Record excerpts
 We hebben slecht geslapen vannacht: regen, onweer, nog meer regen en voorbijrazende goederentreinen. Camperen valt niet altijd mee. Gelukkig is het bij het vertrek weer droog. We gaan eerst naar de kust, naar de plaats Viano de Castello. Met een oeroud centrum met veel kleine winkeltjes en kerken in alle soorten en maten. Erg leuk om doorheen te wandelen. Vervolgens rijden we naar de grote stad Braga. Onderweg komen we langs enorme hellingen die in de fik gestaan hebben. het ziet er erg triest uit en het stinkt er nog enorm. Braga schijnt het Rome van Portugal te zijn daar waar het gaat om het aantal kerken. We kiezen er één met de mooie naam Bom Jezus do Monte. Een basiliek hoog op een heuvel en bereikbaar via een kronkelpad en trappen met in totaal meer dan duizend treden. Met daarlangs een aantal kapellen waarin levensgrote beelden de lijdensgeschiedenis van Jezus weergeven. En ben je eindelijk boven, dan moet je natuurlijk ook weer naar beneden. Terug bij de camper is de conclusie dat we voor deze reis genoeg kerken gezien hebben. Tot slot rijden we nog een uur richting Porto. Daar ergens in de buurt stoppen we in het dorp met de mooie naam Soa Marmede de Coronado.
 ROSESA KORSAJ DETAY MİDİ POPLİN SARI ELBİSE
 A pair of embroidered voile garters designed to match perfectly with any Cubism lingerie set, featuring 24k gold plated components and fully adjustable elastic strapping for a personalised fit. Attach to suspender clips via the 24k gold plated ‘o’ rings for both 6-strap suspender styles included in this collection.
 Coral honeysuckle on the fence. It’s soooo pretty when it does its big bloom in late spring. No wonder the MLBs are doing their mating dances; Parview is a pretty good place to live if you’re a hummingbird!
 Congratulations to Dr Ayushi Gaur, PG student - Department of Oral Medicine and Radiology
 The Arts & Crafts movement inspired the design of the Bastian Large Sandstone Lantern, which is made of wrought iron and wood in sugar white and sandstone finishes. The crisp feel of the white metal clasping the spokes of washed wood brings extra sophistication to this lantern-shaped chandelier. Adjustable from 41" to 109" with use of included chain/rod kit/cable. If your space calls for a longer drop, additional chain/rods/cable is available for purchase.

What to do
From the records above, reproduce exactly the lines from the one with "A pair of embroidered" to the one with "Congratulations to Dr", both included, and no others.

Response
 A pair of embroidered voile garters designed to match perfectly with any Cubism lingerie set, featuring 24k gold plated components and fully adjustable elastic strapping for a personalised fit. Attach to suspender clips via the 24k gold plated ‘o’ rings for both 6-strap suspender styles included in this collection.
 Coral honeysuckle on the fence. It’s soooo pretty when it does its big bloom in late spring. No wonder the MLBs are doing their mating dances; Parview is a pretty good place to live if you’re a hummingbird!
 Congratulations to Dr Ayushi Gaur, PG student - Department of Oral Medicine and Radiology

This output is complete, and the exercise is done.